* **Brief**: In the entries below, find the line with "273 1911.14 1911.14" and the line with "Darius et Brooklynn parviennent", then retype both and everything between them exactly. Do not copy the pictures.

* **Entries provided**:

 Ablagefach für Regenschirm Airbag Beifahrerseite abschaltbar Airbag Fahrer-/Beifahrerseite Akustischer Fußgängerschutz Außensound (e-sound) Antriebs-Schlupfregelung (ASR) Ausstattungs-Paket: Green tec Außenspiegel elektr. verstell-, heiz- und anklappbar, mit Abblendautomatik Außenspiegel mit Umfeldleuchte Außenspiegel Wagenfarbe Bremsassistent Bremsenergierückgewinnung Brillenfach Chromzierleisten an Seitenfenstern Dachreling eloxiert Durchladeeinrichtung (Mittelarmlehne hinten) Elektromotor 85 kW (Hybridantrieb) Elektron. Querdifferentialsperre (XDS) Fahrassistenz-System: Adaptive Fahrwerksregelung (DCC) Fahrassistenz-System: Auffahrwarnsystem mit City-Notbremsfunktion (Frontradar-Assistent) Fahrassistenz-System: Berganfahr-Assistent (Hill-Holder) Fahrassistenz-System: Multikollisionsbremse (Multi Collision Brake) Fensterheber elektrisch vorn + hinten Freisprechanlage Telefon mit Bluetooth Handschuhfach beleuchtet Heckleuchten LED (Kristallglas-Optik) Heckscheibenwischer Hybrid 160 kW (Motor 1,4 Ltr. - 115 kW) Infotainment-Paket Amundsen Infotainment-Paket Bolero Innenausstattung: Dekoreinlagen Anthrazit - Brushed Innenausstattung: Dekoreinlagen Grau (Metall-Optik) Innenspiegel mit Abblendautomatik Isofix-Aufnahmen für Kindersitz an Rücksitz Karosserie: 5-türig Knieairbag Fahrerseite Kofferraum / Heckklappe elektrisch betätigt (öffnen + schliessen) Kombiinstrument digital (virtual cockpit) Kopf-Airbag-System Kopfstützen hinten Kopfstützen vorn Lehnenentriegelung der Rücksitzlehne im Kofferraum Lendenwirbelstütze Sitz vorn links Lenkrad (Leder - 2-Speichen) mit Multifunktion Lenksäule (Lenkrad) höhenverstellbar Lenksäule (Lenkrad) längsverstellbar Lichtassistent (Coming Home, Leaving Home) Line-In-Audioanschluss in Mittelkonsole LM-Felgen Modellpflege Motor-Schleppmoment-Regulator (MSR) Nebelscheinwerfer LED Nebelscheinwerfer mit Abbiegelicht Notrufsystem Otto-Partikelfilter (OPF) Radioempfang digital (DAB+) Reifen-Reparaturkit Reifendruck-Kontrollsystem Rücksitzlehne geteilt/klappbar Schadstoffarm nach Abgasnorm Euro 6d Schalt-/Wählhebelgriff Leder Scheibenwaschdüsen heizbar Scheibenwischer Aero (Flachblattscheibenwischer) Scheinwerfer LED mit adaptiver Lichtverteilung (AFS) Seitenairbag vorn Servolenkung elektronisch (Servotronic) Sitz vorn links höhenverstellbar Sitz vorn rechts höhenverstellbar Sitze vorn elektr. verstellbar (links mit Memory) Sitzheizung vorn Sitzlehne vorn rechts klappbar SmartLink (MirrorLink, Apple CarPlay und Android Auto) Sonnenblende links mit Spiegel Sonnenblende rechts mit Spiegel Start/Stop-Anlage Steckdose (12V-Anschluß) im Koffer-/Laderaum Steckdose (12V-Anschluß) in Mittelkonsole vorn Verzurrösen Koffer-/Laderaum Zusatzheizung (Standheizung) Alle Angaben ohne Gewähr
==
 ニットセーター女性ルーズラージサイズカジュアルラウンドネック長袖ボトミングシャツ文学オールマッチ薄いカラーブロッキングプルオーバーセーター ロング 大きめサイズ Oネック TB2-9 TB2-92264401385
* * *
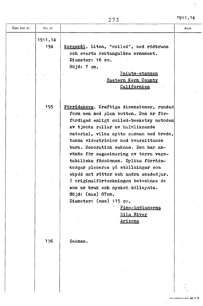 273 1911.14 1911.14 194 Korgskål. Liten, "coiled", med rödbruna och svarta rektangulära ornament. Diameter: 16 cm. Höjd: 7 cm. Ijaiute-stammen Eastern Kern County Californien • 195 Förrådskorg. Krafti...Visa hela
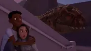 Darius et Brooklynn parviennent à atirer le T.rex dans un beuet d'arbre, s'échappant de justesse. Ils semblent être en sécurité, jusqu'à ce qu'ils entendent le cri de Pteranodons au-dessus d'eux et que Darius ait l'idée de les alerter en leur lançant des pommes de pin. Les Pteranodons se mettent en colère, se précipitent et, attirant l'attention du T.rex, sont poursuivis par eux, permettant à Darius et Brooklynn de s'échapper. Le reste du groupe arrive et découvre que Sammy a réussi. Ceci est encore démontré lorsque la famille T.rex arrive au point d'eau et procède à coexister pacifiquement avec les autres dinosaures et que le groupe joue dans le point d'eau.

* **Completed task**:
 273 1911.14 1911.14 194 Korgskål. Liten, "coiled", med rödbruna och svarta rektangulära ornament. Diameter: 16 cm. Höjd: 7 cm. Ijaiute-stammen Eastern Kern County Californien • 195 Förrådskorg. Krafti...Visa hela
 Darius et Brooklynn parviennent à atirer le T.rex dans un beuet d'arbre, s'échappant de justesse. Ils semblent être en sécurité, jusqu'à ce qu'ils entendent le cri de Pteranodons au-dessus d'eux et que Darius ait l'idée de les alerter en leur lançant des pommes de pin. Les Pteranodons se mettent en colère, se précipitent et, attirant l'attention du T.rex, sont poursuivis par eux, permettant à Darius et Brooklynn de s'échapper. Le reste du groupe arrive et découvre que Sammy a réussi. Ceci est encore démontré lorsque la famille T.rex arrive au point d'eau et procède à coexister pacifiquement avec les autres dinosaures et que le groupe joue dans le point d'eau.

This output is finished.